I think it’s pretty common for new parents to go through something of a “mid-life crisis” as they come to grips with their new daily reality. It can be a very joyful time, but also one of boring routines, in which the parents’ hopes and dreams are no longer center stage (unless maybe it’s the dream of having a baby). The question “Is this what my life is going to be?” can hit pretty hard.

In many ways, this is a critical part of maturing, realizing that the hopes and dreams of our early adulthood aren’t the ultimate goals they seemed to be then. Learning that, to a large extent, they were indeed dreams. And accepting that this child’s care is more important than trying to make the world fit the grand image we had in our heads, or make others believe that we are the heroes we eagerly imagined ourselves to be. This real child helps us set aside the unreal imaginings of our youth.

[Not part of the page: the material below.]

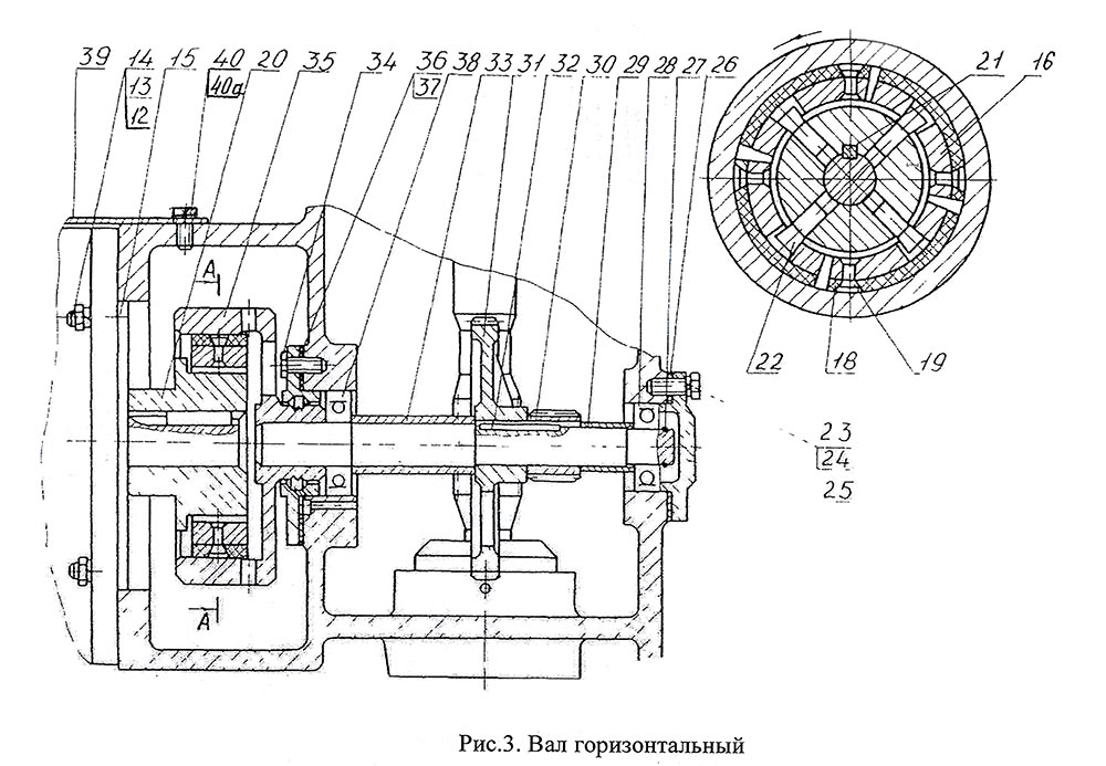 12 Гайка М10 ГОСТ 5915-70, 13 Шайба 10 ГОСТ 6402-70, 14 Шпилька М10x25 (12/18) ГОСТ 22034-76, 15 Электродвигатель АИР 80B4 1.50 кВт 1500 об/мин, 16 Грузик ОМ-1 40.120, 18 Накладка ОМ-1 20.012, 19 Заклепка 4x16.37, 20 Полумуфта ОМ-1 20.060 в сборе, 21 Шпонка 6x6x32, 22 Штифт специальный Ж5-СОМ-3-Ю00 01.028, 23 Болт М6х20, 24 Шайба 6 ГОСТ 6402-70, 25 Крышка ОМ-1 20.106, 26 Прокладка Ж5-ОМЕ-С 01.006-42, 27 Кольцо Ж5-МУ-1 01.118-01, 28 Подшипник 203, 29 Втулка ОМ-1 20.617, 30 Втулка ОМ-1 20.616, 31 Шестерня ОМ-1 20.070, 32 Шпонка 2-5x5x32, 33 Втулка ОМ-1 20.618, 34 Болт М6х20, 35 Вал ОМ-1 20.050 в сборе, 36 Крышка ОМ-1 20.007, 37 Прокладка ОМ-1 20.008, 38 Подшипник 204, 39 Кожух ОМ-1 40.404, 40 Болт М6 х 16 ГОСТ 7798-70

Too often, though, I think people try to replace those fading hopes and dreams with new ones, based on their new relationship to their child. “I can’t save the world, but I can save this child.” Which is perhaps a little more realistic, but ultimately just another hopeful figment of the imagination. Isn’t it? The child may indeed be saved, but in the end, if we’re honest with ourselves, we won’t be the ones who can take much credit for it.

The best result of this (or any) mid-life crisis is if it turns us away from dreams to reality, especially the reality of finding ourselves in relationship—but in relationship to God. Our adolescent desires aren’t very trustworthy guides. But God’s desires are. And we can’t rely on our resources and abilities to provide and protect and guide our child, but we can trust God to do so, just as we trust him to provide and protect and guide us. The truest longing to save the child is good, as long as we recognize that what we’re feeling doesn’t originate with us. And the purest of our early desires are good also, as long as we realize that those also didn’t originate with us. These are good and real and trustworthy because they are God’s desires for us.

And we open ourselves to God’s desires when we “turn and become like a child,” desperately clinging to God like this baby now clinging to us.